Paying off your mortgage when rates rise is a good idea. Photo/NZME
When mortgage rates go up, it makes perfect sense to double down to pay down debt faster. Crunch your mortgage like a lawyer.
With floating mortgage interest rates exceeding 7% and expected
to go higher, reducing the outstanding capital reduces bi-monthly or monthly repayments.
Don’t fall into the trap of thinking you can’t afford it. Most owners can at least afford the increases on paper. Thanks to the much-maligned Credit Agreements and Consumer Credit Act (CCCFA), banks are pretty rigorous in their assessment of what homeowners can afford to pay. Even when interest was very low, buyers were tested at rates around 7%.
Historically, the new rates are not that high. Floating interest rates were above 7% from 2004 to 2008 and reached above 10% for more than a year in 2007/2008.

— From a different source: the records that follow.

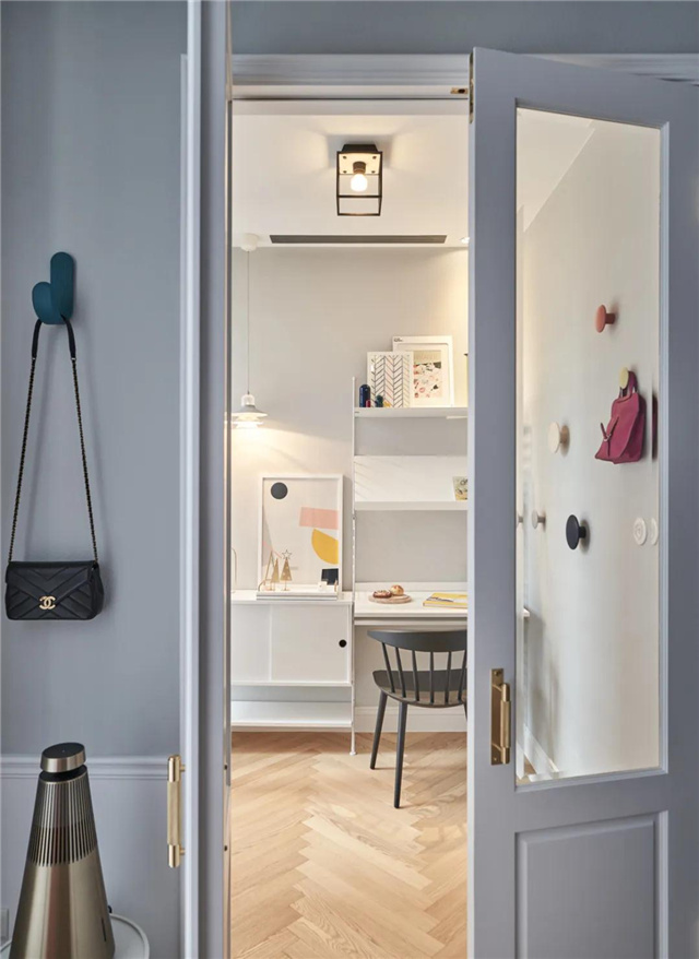 沙发墙后的玻璃门后,是书房区域,玻璃门让空间独立的同时,视觉更加通透,让采光得以共享。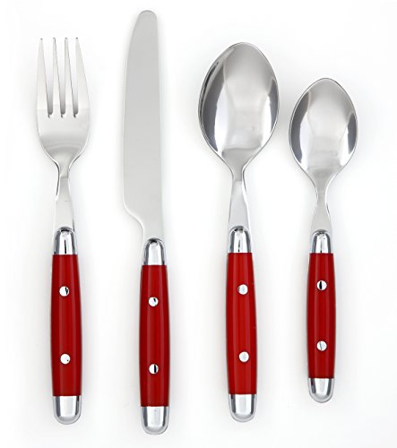 Cambridge Silversmiths Jubilee Red 16-Piece Flatware Silverware Set, Service for 4, Includes Forks/Spoons/Knives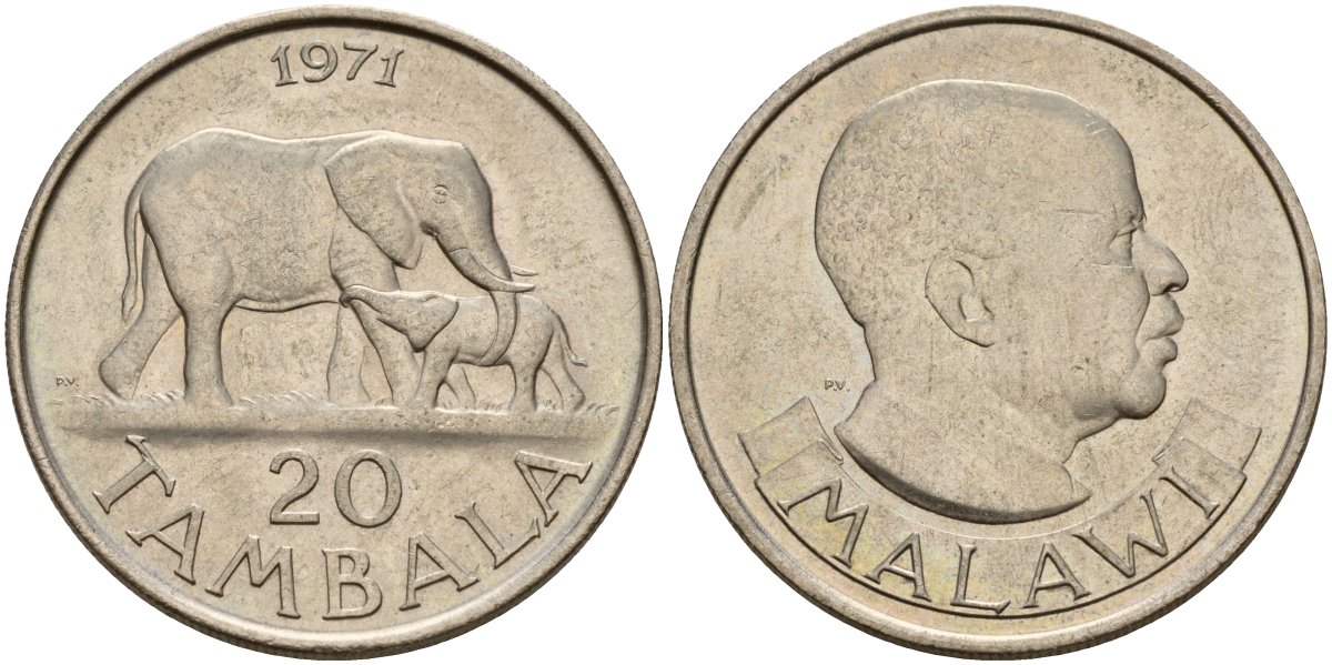 Малави 20 тамбал 1971 KM 11 медно-никель 4140-612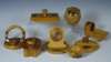 each with town and landscape scenes, comprising: three inkwells; a blotter; a watch stand; a quaich; a cradle; and a globular box (8)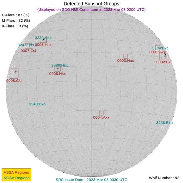太陽フレアと黒点数(2023年03月03日更新)※中規模&CME到着予測あり

The problem is that the human brain is wired with biases that make it hard to swallow the idea of rising interest rates. Ananish Chaudhuri, a professor of experimental economics at the University of Auckland, says this behavioral economics concept of current bias arises when someone taking out a 3% loan fails to consider the fact that they might increase significantly, even though he was warned. Present bias was seen in the subprime mortgage crisis in the United States during the global financial crisis (GFC), says Chaudhuri. Borrowers received low introductory mortgage rates, but lost their homes en masse when those rates rose to the levels they had been warned about.
Don’t let this prejudice get the better of you. Rather than “I can’t”, try: “How can I make this work?”. An extra $200 per week paid on the mortgage adds up to $10,400 per year. At 6%, every $10,000 paid off on the mortgage represents a savings of $60 per month, according to mortgage consultant (broker) Lisa Meredith of Loan Market.
Breaking the mortgage requires good budgeting and an honest look at needs and wants. Can you play yourself to reduce unnecessary expenses? Paying off debts quickly can be very satisfying.
Earning more is also very useful when paying extra on the mortgage. This may mean focusing on getting a raise or a side income. If a little person has joined the family and one member of the couple has stopped working, can that partner get a part-time job after hours when the other is at home? It’s hard, but a lot of people do it to make ends meet or get ahead.
However you find the extra cash, take a few tips to make the most of it. Meredith recommended that customers who still have low fixed rates start paying at the higher rate before they have to. This gets them used to extra repayments while reducing the mortgage through overpayments.
Make sure the loan is structured to get the most out of your hard work, says Meredith. On most fixed-rate mortgages, banks will allow you to repay an additional 5% per year without penalizing you, she says. If you want to repay more, you can keep the money in a savings account until you can restructure the mortgage.
One of the easiest ways to structure a mortgage for overpayments is to leave some principal at a floating (variable) rate, which doesn’t penalize overpayments. If there’s any chance you’ll need to make some of those overpayments again at a later date, then consider getting a mortgage with a drawdown facility, Meredith says. A revolving credit mortgage can also be the solution.
Not thinking about it in advance can lead to difficulties. Meredith was approached by a couple who had paid off more than a third of their mortgage in two years. When one member of the couple was unable to work, the bank decided that he should continue to pay at the same rate he was charging voluntarily, which he could no longer afford. It didn’t make sense because they could still afford to make standard repayments on the original term. But the bank did not move. Meredith managed to remortgage them with another bank that might make sense.